Top of RECORDS FOR THIS TASK

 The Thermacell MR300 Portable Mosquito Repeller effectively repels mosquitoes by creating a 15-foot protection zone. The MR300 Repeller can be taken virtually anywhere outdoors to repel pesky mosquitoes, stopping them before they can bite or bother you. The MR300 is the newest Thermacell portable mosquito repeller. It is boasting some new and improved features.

Bottom of RECORDS FOR THIS TASK
Top of RECORDS FOR THIS TASK

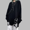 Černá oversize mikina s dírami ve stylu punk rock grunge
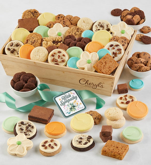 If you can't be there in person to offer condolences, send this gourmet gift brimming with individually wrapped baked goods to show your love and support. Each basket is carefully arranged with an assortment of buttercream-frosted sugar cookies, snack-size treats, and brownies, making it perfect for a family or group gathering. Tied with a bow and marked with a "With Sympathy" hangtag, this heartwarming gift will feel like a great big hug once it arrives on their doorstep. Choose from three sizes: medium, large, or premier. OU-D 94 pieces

Bottom of RECORDS FOR THIS TASK

In the listing above, find the line with "Černá oversize mikina" and the line with "If you can't". Copy both of them and every line between, exactly, but not the pictures.

§ **SOLVED PROBLEM**
 Černá oversize mikina s dírami ve stylu punk rock grunge
 If you can't be there in person to offer condolences, send this gourmet gift brimming with individually wrapped baked goods to show your love and support. Each basket is carefully arranged with an assortment of buttercream-frosted sugar cookies, snack-size treats, and brownies, making it perfect for a family or group gathering. Tied with a bow and marked with a "With Sympathy" hangtag, this heartwarming gift will feel like a great big hug once it arrives on their doorstep. Choose from three sizes: medium, large, or premier. OU-D 94 pieces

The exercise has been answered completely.